Monitoring Recommendations
- Forward image-processing service crash dumps and stderr to a central logging platform for correlation.
- Alert on file upload patterns where PSD files trigger worker restarts or memory faults.
- Track dependency drift with software composition analysis to ensure Pillow stays on a patched release.
How to Mitigate CVE-2026-42311
Immediate Actions Required
- Upgrade Pillow to version 12.2.0 or later in all production, staging, and developer environments.
- Rebuild and redeploy container images that bundle Pillow so cached layers do not retain vulnerable versions.

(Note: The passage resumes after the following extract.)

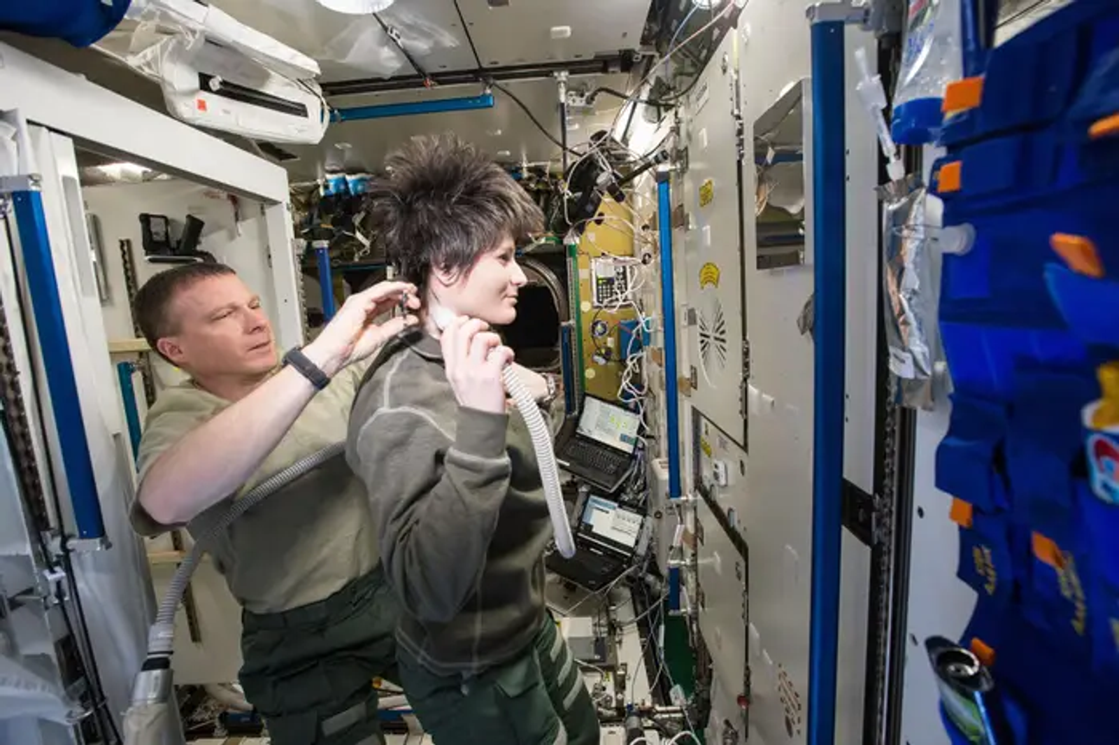 شش ماه بدون مراجعه به آرایشگاه زمان زیادی است. فضانوردان برای کوتاه کردن موهای خود در فضا از جاروبرقی مخصوصی استفاده میکنند که موهای بریدهشده را بلافاصله جمعآوری میکند.

- Audit pipelines that accept PSD files from untrusted sources and quarantine any pending uploads until patched.
Patch Information
The fix is included in Pillow 12.2.0. The patch adds bounds checks in both src/PIL/ImageFile.py and src/decode.c so that tile extents outside the image are rejected before reaching the native decoder. Review the GitHub Security Advisory GHSA-pwv6-vv43-88gr, the upstream commit, and the Pillow 12.2.0 release notes.
Workarounds
- Disable PSD ingestion in applications that cannot immediately upgrade, by filtering on file magic bytes and rejecting 8BPS headers.
- Pre-validate PSD headers and refuse files whose declared tile extents fall outside the image canvas.
- Run image decoding in a sandboxed, low-privilege worker process with strict resource and syscall limits to contain potential exploitation.
# Configuration example: pin a patched Pillow version
pip install --upgrade 'Pillow>=12.2.0'
# Verify the installed version
python -c "import PIL, sys; print(PIL.__version__); sys.exit(0 if tuple(int(x) for x in PIL.__version__.split('.')[:2]) >= (12, 2) else 1)"
Disclaimer: This content was generated using AI. While we strive for accuracy, please verify critical information with official sources.